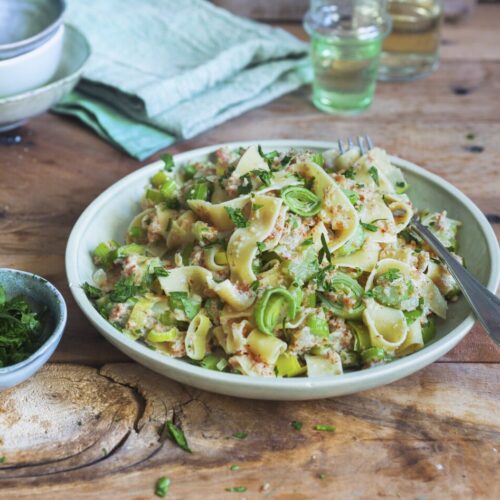 Herzhaft, aromatisch und wunderbar unkompliziert: Diese Bandnudeln bekommen durch gerösteten Grünkern eine feine, nussige Note, während Porree und Staudensellerie für Frische und Biss sorgen. Abgerundet mit cremiger Sauce und frischen Kräutern entsteht ein rundes Pastagericht, das sättigt, ohne schwer zu wirken.
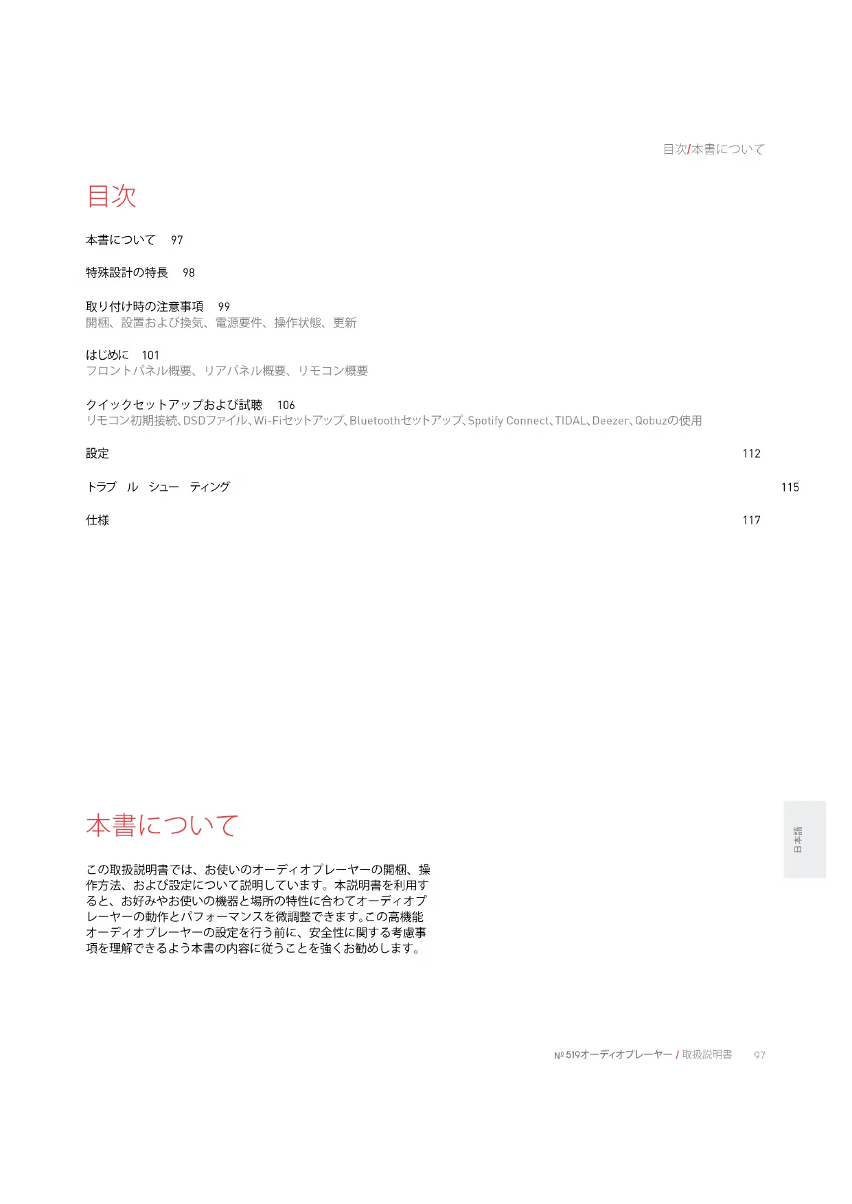 本書について 97 特殊設計の特長 98 取り付け時の注意事項 99 開梱、設置および換気、電源要件、操作状態、更新 はじめに 101 フロントパネル概要、リアパネル概要、リモコン概要 クイックセットアップおよび試聴 106 リモコン初期接続、DSDファイル 、Wi-Fiセットアップ、Bluetoothセットアップ、Spotify Connect、TIDAL、Deezer、Qobuzの使用 設定 112 トラブ ル シュー ティング 115 仕様 117 この取扱説明書では、お使いのオーディオプレーヤーの開梱、操 作方法、および設定について説明しています。本説明書を利用す ると、お好みやお使いの機器と場所の特性に合わてオーディオプ レーヤーの動作とパフォーマンスを微調整できます。この高機能 オーディオプレーヤーの設定を行う前に、安全性に関する考慮事 項を理解できるよう本書の内容に従うことを強くお勧めします。 本書について98
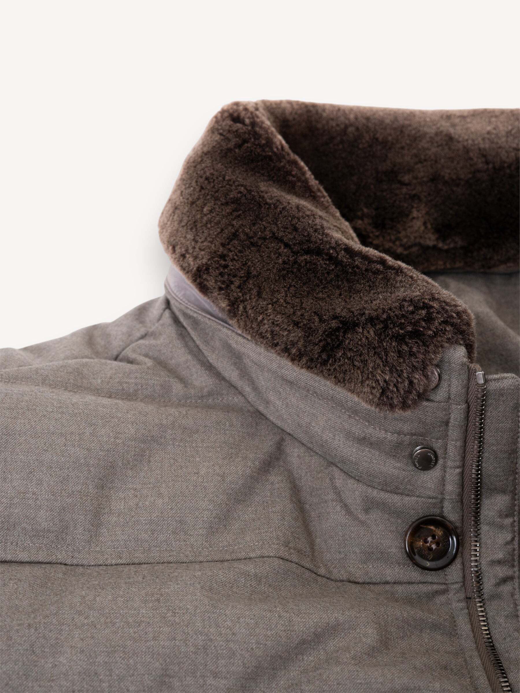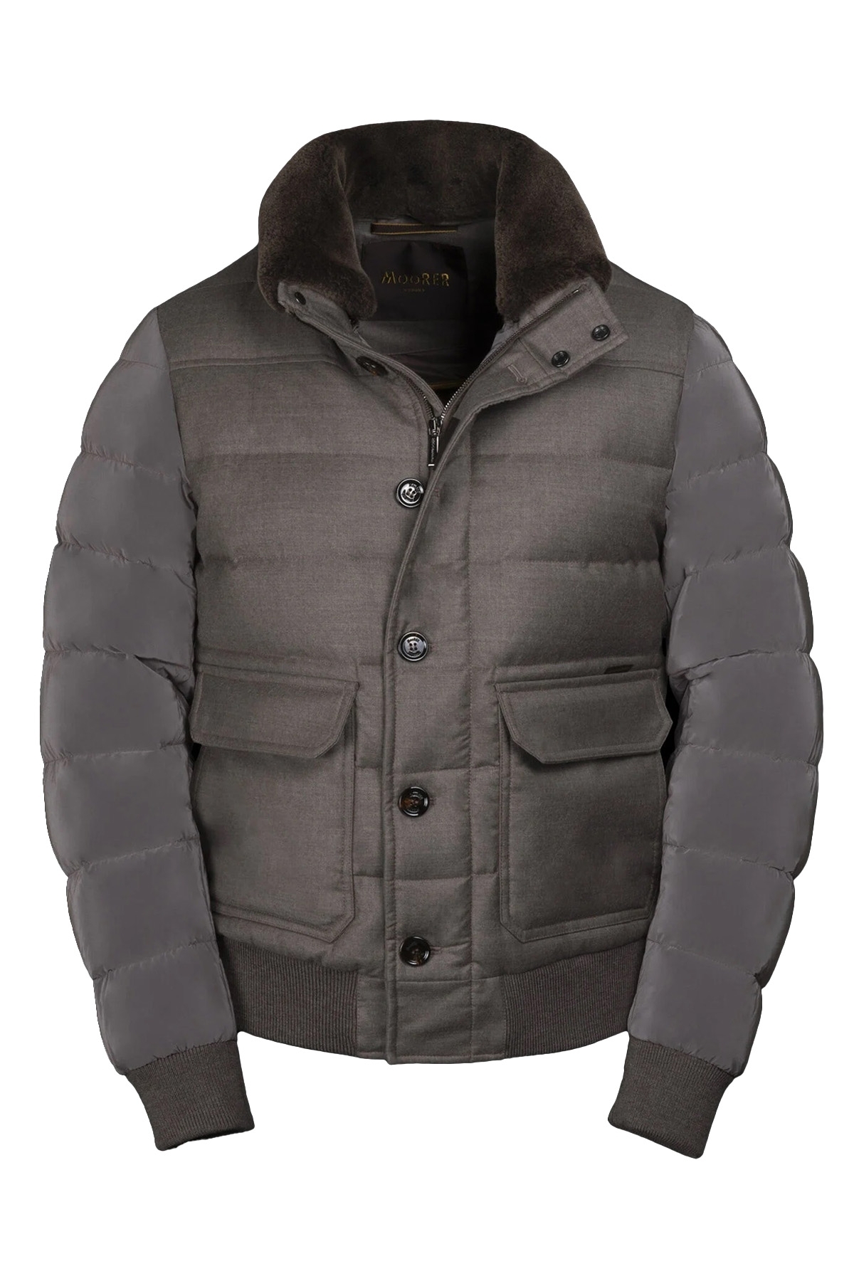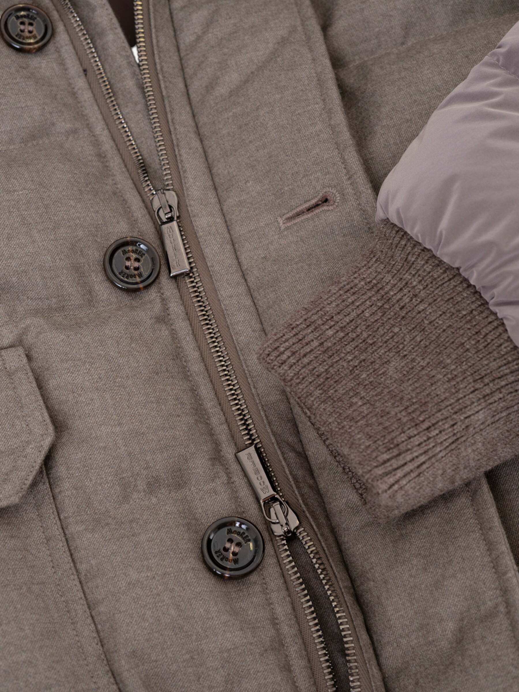 Куртка-бомбером из гусиного пуха и стеганым верхом. Изготовлен из смеси материалов: пухостойкая техническая микрофибра в сочетании с фланелевой смесью шерсти/кашмира. Съемный воротник из овчины. Двойная передняя застежка с двухсторонней молнией из матового металла и застежка на пуговицах с роговыми пуговицами. Накладные карманы с клапанами с двойной боковой вставкой на бедрах.
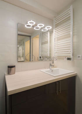 Este apartamento tiene una sala de baño magnífica y clara. Este baño tiene todo lo necesario para su bienestar diario : ropero, estantería, armario empotrado, bañera, sink, radiador seca-toallas. El WC está separado de la sala del baño y ubicado en un espacio independiente.

• _Assigned task_: Skip every picture, and give the rest of the material above again exactly.

• _Response below_:
 Herzhaft, aromatisch und wunderbar unkompliziert: Diese Bandnudeln bekommen durch gerösteten Grünkern eine feine, nussige Note, während Porree und Staudensellerie für Frische und Biss sorgen. Abgerundet mit cremiger Sauce und frischen Kräutern entsteht ein rundes Pastagericht, das sättigt, ohne schwer zu wirken.
 本書について 97 特殊設計の特長 98 取り付け時の注意事項 99 開梱、設置および換気、電源要件、操作状態、更新 はじめに 101 フロントパネル概要、リアパネル概要、リモコン概要 クイックセットアップおよび試聴 106 リモコン初期接続、DSDファイル 、Wi-Fiセットアップ、Bluetoothセットアップ、Spotify Connect、TIDAL、Deezer、Qobuzの使用 設定 112 トラブ ル シュー ティング 115 仕様 117 この取扱説明書では、お使いのオーディオプレーヤーの開梱、操 作方法、および設定について説明しています。本説明書を利用す ると、お好みやお使いの機器と場所の特性に合わてオーディオプ レーヤーの動作とパフォーマンスを微調整できます。この高機能 オーディオプレーヤーの設定を行う前に、安全性に関する考慮事 項を理解できるよう本書の内容に従うことを強くお勧めします。 本書について98
 Куртка-бомбером из гусиного пуха и стеганым верхом. Изготовлен из смеси материалов: пухостойкая техническая микрофибра в сочетании с фланелевой смесью шерсти/кашмира. Съемный воротник из овчины. Двойная передняя застежка с двухсторонней молнией из матового металла и застежка на пуговицах с роговыми пуговицами. Накладные карманы с клапанами с двойной боковой вставкой на бедрах.
 Este apartamento tiene una sala de baño magnífica y clara. Este baño tiene todo lo necesario para su bienestar diario : ropero, estantería, armario empotrado, bañera, sink, radiador seca-toallas. El WC está separado de la sala del baño y ubicado en un espacio independiente.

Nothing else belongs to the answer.